Алекс не просто приблизился, он нависает надо мной: скала исполинских размеров, загнанная в море, вокруг нее снуют косяки рыб, о нее разбиваются птицы, лодку Ясина может постигнуть та же участь, ее несет на скалу, Ясин и не думает защищаться, от его слабого крика у меня готовы лопнуть перепонки.
Этот человек опасный! Опасный!
Слишком поздно, Ясин. Слишком поздно.
Алекс берет меня за подбородок жесткими пальцами.
– Стекло – это моя чековая книжка. Хотите работать на меня?
Такого поворота я не ожидала.
– Работать на вас?
– Работать со мной.
– Но… почему я?
– Я уже говорил вам. Но могу повторить.
Умение убеждать. Умение взглянуть на вещи с неожиданного ракурса, чувство юмора и… Кажется, утром он прошелся по моей внешности.

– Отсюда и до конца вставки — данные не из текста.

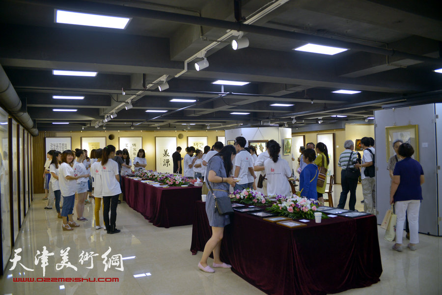 “画韵书香”天津人民美术出版社建社60周年职工书画作品展8月14日在天津人美艺术展厅开幕。图为开幕仪式现场。
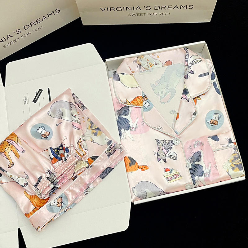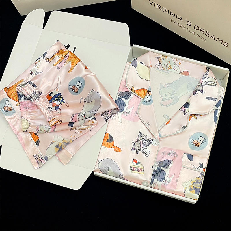 Pigiama Estivo Sottile con Stampa di Gatto Cartoonesco Giapponese, Completo da Casa per Signore con Bottoni e Maniche Corte

Не красавица, но с изюминкой.
– Нет. Повторять не надо.
– Когда я получил письмо о досках, которые малюет ваш друг…
– Там были еще фотографии.
– Я помню. Честно сказать, фотографии меня не впечатлили.
Еще один неожиданный поворот, мы с Алексом несемся по горному серпантину, только шофер на этот раз не я – он.
– Но вы же приехали сюда… ради досок. Ведь так?
– Ради вашего письма. Так будет правильней.
– Вы хотите сказать, что то, что делает Доминик… Не имеет никакой ценности?
– Это выяснится только со временем. Лет тридцать-сорок придется подождать.
– Слишком долго.
– Это не предел, поверьте. Но даже если мы остановимся на тридцати годах… Вас интересует то, что произойдет через тридцать лет?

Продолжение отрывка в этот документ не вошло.